Chapter 502 Introduction to Glomerular Diseases
502.1 Anatomy of the Glomerulus
The kidneys lie in the retroperitoneal space slightly above the level of the umbilicus. They range in length and weight, respectively, from approximately 6 cm and 24 g in a full-term newborn to ≥12 cm and 150 g in an adult. The kidney (see Fig. 502-1 on the Nelson Textbook of Pediatrics website at www.expertconsult.com) has an outer layer, the cortex, which contains the glomeruli, proximal and distal convoluted tubules, and collecting ducts; and an inner layer, the medulla, that contains the straight portions of the tubules, the loops of Henle, the vasa recta, and the terminal collecting ducts (see Fig. 502-2 on the Nelson Textbook of Pediatrics website at www.expertconsult.com).

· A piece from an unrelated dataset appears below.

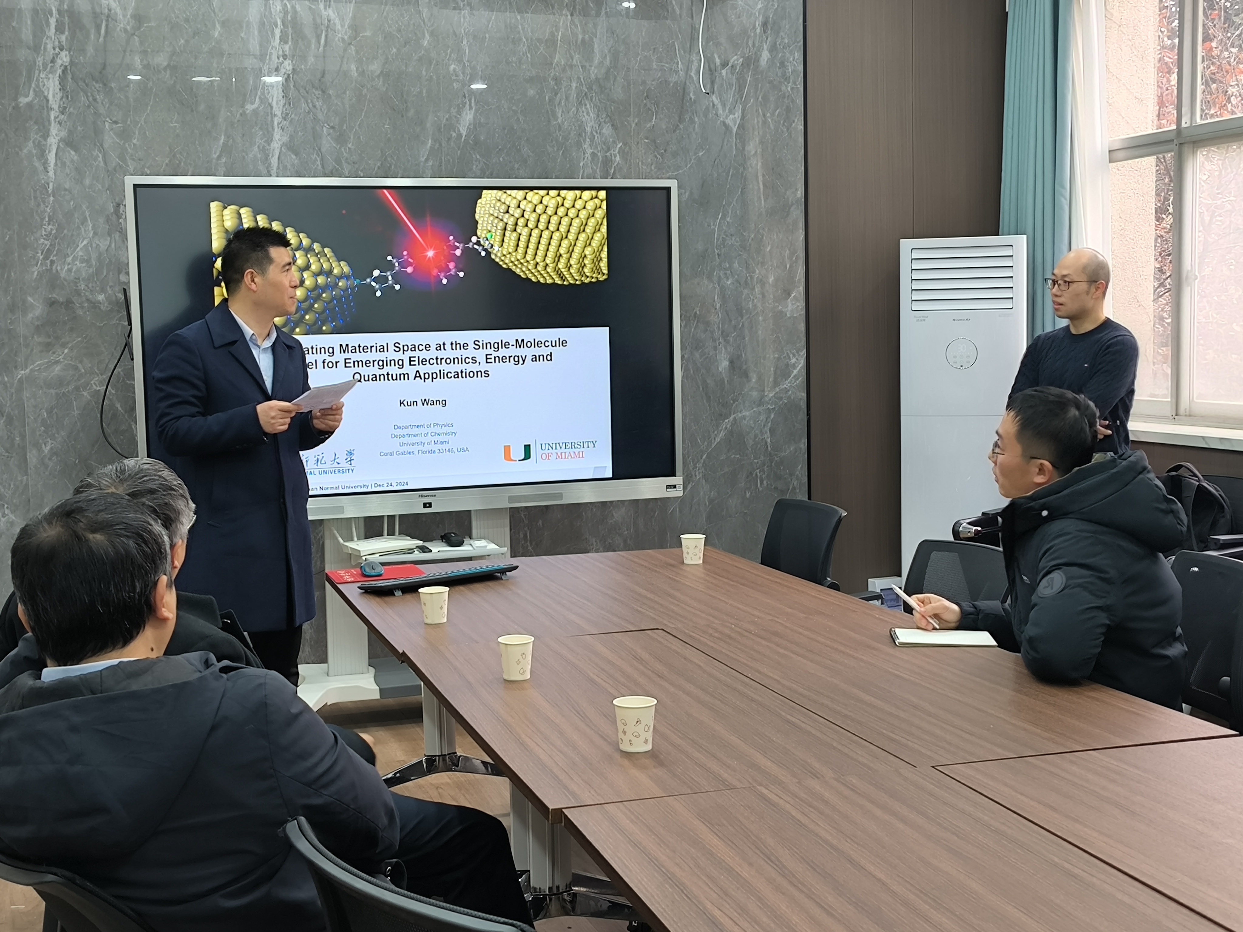 12月24日上午,应我校物理学院邀请,美国迈阿密大学王坤博士在物理南楼二楼217报告厅以“探索分子尺度的量子效应:新奇物理化学过程的涌现”为题作了一场精彩的学术报告。相关专业师生参加了此次报告会。

Figure 502-1 Gross morphology of the renal circulation.
(From Pitts RF: Physiology of the kidney and body fluids, ed 3, Chicago, 1974, Year Book Medical Publishers.)

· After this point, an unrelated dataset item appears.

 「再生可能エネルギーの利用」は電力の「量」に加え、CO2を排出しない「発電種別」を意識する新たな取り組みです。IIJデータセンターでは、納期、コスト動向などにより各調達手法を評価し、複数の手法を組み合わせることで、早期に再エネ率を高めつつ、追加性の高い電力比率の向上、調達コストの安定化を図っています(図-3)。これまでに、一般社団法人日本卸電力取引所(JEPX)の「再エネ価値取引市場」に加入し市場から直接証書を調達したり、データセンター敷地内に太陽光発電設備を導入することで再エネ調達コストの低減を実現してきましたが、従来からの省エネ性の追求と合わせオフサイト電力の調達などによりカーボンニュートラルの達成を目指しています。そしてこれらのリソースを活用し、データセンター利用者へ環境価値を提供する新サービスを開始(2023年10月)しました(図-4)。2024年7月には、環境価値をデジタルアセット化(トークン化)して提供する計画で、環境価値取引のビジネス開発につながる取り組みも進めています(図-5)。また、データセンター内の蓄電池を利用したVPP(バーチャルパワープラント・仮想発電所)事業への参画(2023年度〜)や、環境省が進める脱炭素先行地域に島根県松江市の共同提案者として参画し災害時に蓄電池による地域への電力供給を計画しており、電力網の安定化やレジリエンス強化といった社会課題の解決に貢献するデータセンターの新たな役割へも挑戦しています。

Figure 502-2 Comparison of the blood supplies of cortical and juxtamedullary nephrons.
(From Pitts RF: Physiology of the kidney and body fluids, ed 3, Chicago, 1974, Year Book Medical Publishers.)
The blood supply to each kidney usually consists of a main renal artery that arises from the aorta; multiple renal arteries can occur. The main artery divides into segmental branches within the medulla, becoming the interlobar arteries that pass through the medulla to the corticomedullary junction. At this point, the interlobar arteries branch to form the arcuate arteries, which run parallel to the surface of the kidney. Interlobular arteries originate from the arcuate arteries and give rise to the afferent arterioles of the glomeruli. Specialized muscle cells in the wall of the afferent arteriole and specialized distal tubular cells adjacent to the glomerulus (macula densa) form the juxtaglomerular apparatus that controls the secretion of renin. The afferent arteriole divides into the glomerular capillary network, which then recombines into the efferent arteriole (Fig. 502-2). The juxtamedullary efferent arterioles are larger than those in the outer cortex and provide the blood supply, as the vasa recta, to the tubules and medulla.
The glomerular network of specialized capillaries serves as the filtering mechanism of the kidney. The glomerular capillaries are lined by endothelial cells (Fig. 502-3) and have very thin cytoplasm that contains many holes (fenestrations). The glomerular basement membrane (GBM) forms a continuous layer between the endothelial and mesangial cells on one side and the epithelial cells on the other. The membrane has 3 layers: (1) a central electron-dense lamina densa; (2) the lamina rara interna, which lies between the lamina densa and the endothelial cells; and (3) the lamina rara externa, which lies between the lamina densa and the epithelial cells. The visceral epithelial cells cover the capillary and project cytoplasmic foot processes, which attach to the lamina rara externa. Between the foot processes are spaces or filtration slits. The mesangium (mesangial cells and matrix) lies between the glomerular capillaries on the endothelial cell side of the GBM and forms the medial part of the capillary wall. The mesangium may serve as a supporting structure for the glomerular capillaries and probably has a role in the regulation of glomerular blood flow, filtration, and the removal of macromolecules (such as immune complexes) from the glomerulus. Bowman’s capsule, which surrounds the glomerulus, is composed of a basement membrane, which is continuous with the basement membranes of the glomerular capillaries and the proximal tubules, and the parietal epithelial cells, which are contiguous with the visceral epithelium (Fig. 502-4).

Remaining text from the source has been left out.